Author's Preface
SEARCHING FOR SACRED GROUND


Though I was born, raised, and schooled in the far western corner of Kansas just east of Liberal, I always knew that I was an Oklahoman. I was in Kansas by virtue of the fluke of my parents’ purchase of land north of the border, the land they had found to buy while they lived in the little Mennonite community of Turpin in the Oklahoma Panhandle. Virtually no one else in our church farmed in Kansas. My parents had moved from Clinton in central Oklahoma a year before I was born—to Turpin where my father’s oldest brother lived. Early in my parents’ marriage in the late 1940s, they, like so many other post-war newlyweds, were seeking opportunity.

Our lives revolved around Friedensfeld, our little Turpin, Oklahoma Mennonite Church, and our extended family—twelve sets of uncles and aunts, grandparents, great-grandparents—all of whom lived in Oklahoma. I had always been especially interested in my central Oklahoma family and their lives along the Washita River on Oklahoma’s red soil—as well as their Cheyenne and Arapaho neighbors. When our family returned there to visit and drove along Clinton’s Main Street where both my parents had worked, they would point to old chiefs in their long braids wrapped in blankets and sitting on benches in the sun—and try to remember their names. They reviewed the names they knew from school or church—like Heap of Birds. I remember sitting in the back seat of our green Mercury and wondering how life might be different if one had a name with a literal referent like "heap of birds."

My father died young in the 1970s. I settled in central Kansas, where I taught college English at my alma mater, Bethel College. Years later, in the 1990s, I found myself going back to central Oklahoma to Corn for funerals. My father’s siblings were buried at the Bergthal Mennonite Church cemetery. I remember standing under the Oklahoma sky as Reverend Lawrence Hart from Clinton conducted my Aunt Ruth’s burial service. The recitation of familiar Bible passages over my Aunt Ruth’s open grave by the famous Cheyenne Peace Chief, Reverend Lawrence H. Hart, was a moment of recognition for me. These two peoples—the immigrant Mennonites and the relocated Cheyennes—had shared a life in Oklahoma. As a Mennonite minister, Reverend Hart felt like a part of the family. I went home and wrote the following poem after Aunt Ruth’s burial. I see now that it was the beginning of this book. Chief Hart’s commencement address a few years later at Bethel College actually launched my research.

Ceremony

This country’s greatest living peace chief among the Cheyennes
is burying my Aunt Ruth in the hard red dirt of Bergthal
Cemetery north of Corn. We stand on ground my ancestors
gave beside old stones that bear the family name.

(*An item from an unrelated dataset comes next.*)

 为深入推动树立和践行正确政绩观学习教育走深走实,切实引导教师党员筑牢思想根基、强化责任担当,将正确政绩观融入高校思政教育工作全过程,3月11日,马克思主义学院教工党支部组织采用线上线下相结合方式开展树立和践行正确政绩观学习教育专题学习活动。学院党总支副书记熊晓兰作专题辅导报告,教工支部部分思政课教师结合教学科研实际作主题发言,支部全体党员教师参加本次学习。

One by one,
they bring us home. Last year my cousin came with her father
to bury his old kin and mounted the hill in procession to find
the dead man’s beautiful horse, standing tall above an open grave.
Chief Hart gathers us round Aunt Ruth, his dark hand
pointed like an arrow at the sky. Over the wind which sweeps
round the now long-vacant church, his deep voice speaks:
The Lord giveth and the Lord taketh away;
blessed be the name of the Lord.
What we have left are words we have agreed to share.
We bring them back from half-remembered pasts to believe anew,
take them home from here to test against our lives—our history
now the crazy spinning of a thousand stories we love into earth’s
silence, forgetfulness. We hang on tight to his words, erect them
with wonder in the open air—as if we could build a place
on a new frontier, as if we could walk inside it and worship.
(earlier version printed in What Mennonites Are Thinking, 1998)

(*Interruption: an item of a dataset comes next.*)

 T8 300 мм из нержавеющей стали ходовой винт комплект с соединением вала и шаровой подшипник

I offer my sincere thanks to Lawrence and Betty Hart for giving me so many hours of their time, for letting me into their lives, for sharing their stories. I appreciated the helpful suggestions of C. Henry Smith series editor J. Denny Weaver and the reviewers who read this manuscript as well as the work of Michael A. King, publisher, Cascadia Publishing House. I wish to thank my mother and sister, who encouraged this work. My deepest thanks goes to my husband Doug who, as president of Bethel College, invited Hart to speak at commencement. Later, when I began this research, Doug listened, advised, traveled with me, and even read an early draft when I needed that. His support and encouragement have been invaluable.